= Problem to work on =
From the entries that follow, reproduce exactly and only the lines from the line with "Design : Its" to the line with "1988 Australia $10", endpoints included.

= Exercise input =
╭──

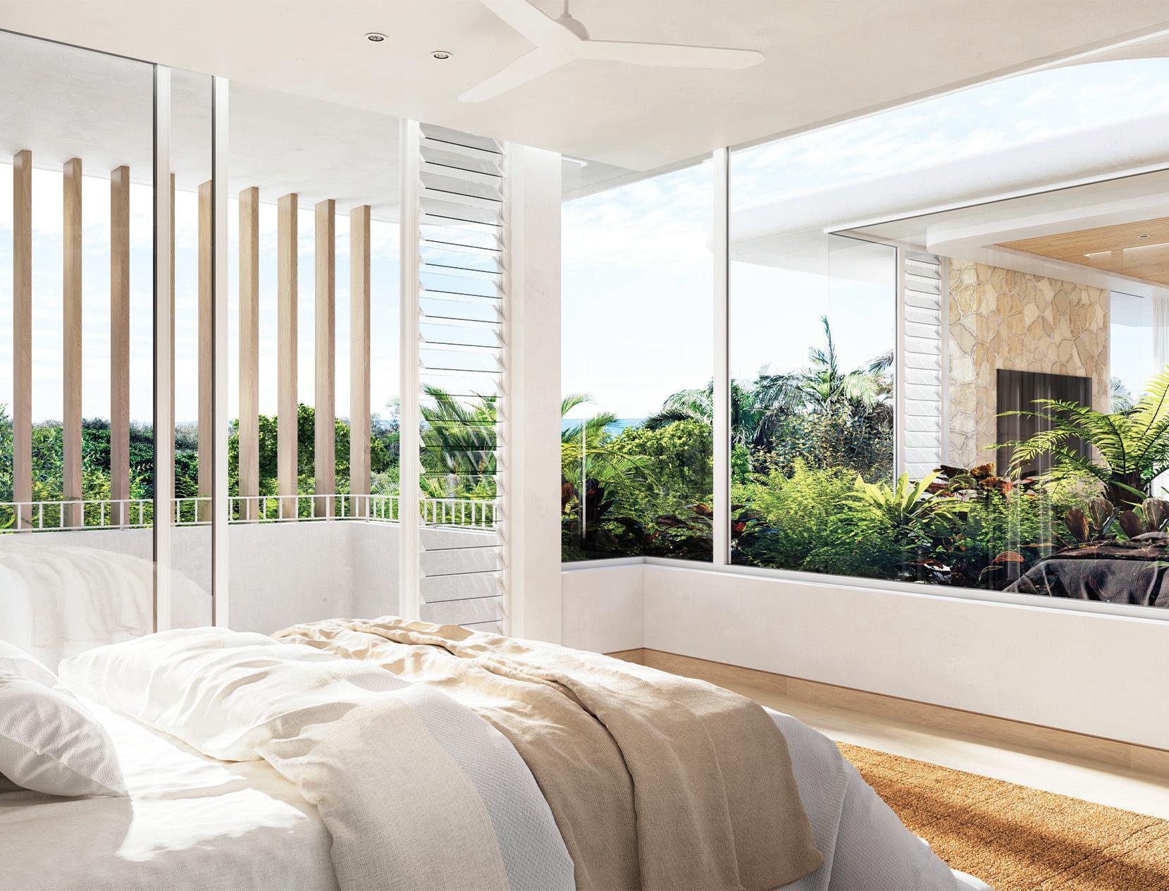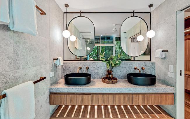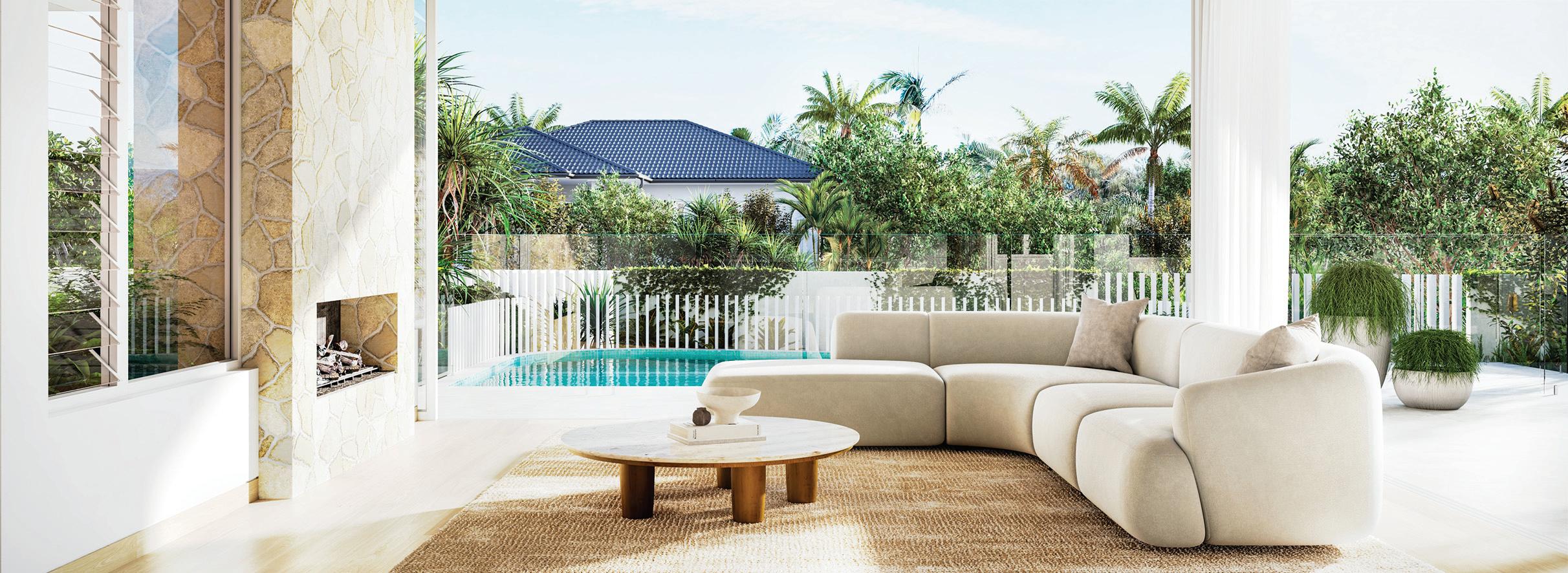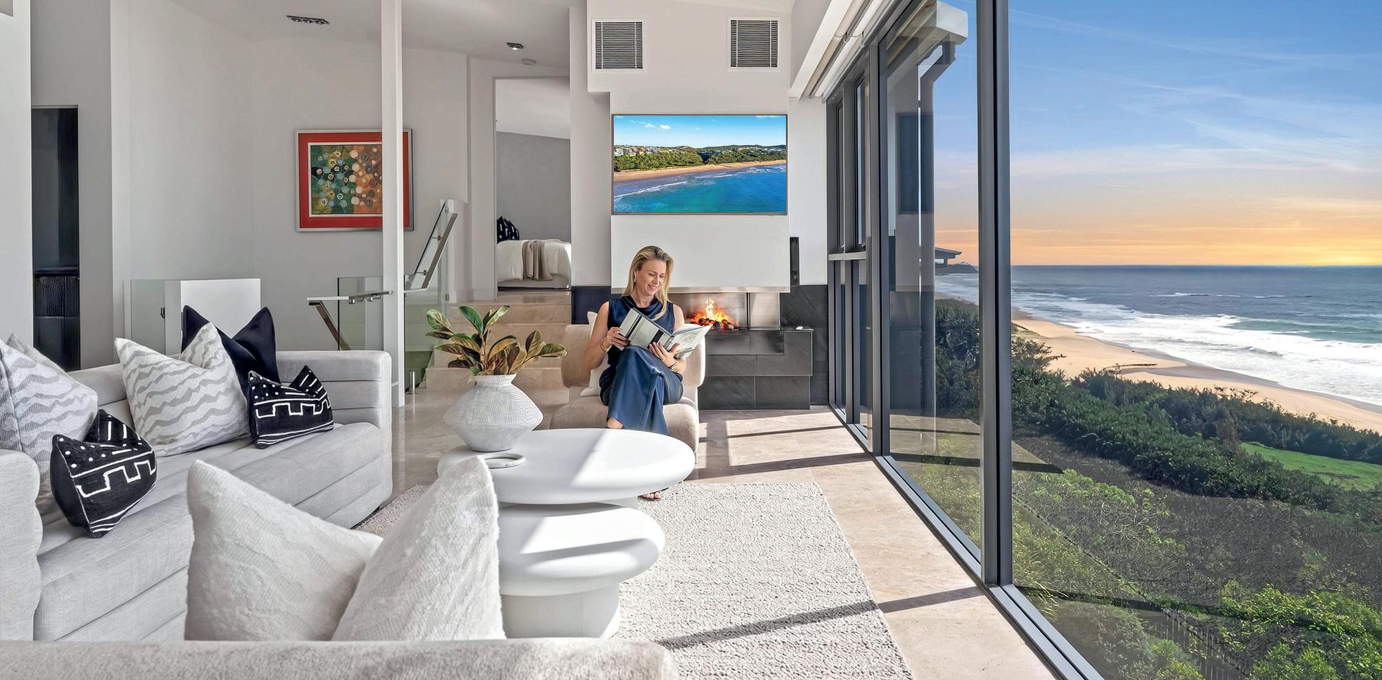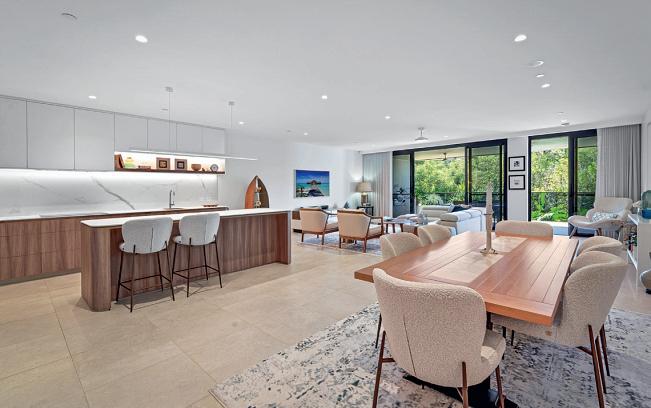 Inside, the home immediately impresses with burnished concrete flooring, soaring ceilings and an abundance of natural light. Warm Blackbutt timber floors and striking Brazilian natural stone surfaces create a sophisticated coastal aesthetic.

╰──
╭──

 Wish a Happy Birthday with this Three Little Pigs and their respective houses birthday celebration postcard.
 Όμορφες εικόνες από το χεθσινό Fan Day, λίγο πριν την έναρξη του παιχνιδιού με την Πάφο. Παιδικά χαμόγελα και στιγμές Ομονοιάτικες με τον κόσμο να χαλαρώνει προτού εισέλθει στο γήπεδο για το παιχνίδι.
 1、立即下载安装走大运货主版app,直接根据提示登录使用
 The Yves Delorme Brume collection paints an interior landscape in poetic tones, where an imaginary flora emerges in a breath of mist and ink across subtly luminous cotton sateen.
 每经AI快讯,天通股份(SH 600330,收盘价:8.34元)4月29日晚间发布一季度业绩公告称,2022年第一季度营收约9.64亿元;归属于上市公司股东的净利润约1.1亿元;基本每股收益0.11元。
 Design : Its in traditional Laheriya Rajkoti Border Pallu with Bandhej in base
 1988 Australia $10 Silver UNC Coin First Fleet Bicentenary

╰──

= Finished task =
 Design : Its in traditional Laheriya Rajkoti Border Pallu with Bandhej in base
 1988 Australia $10 Silver UNC Coin First Fleet Bicentenary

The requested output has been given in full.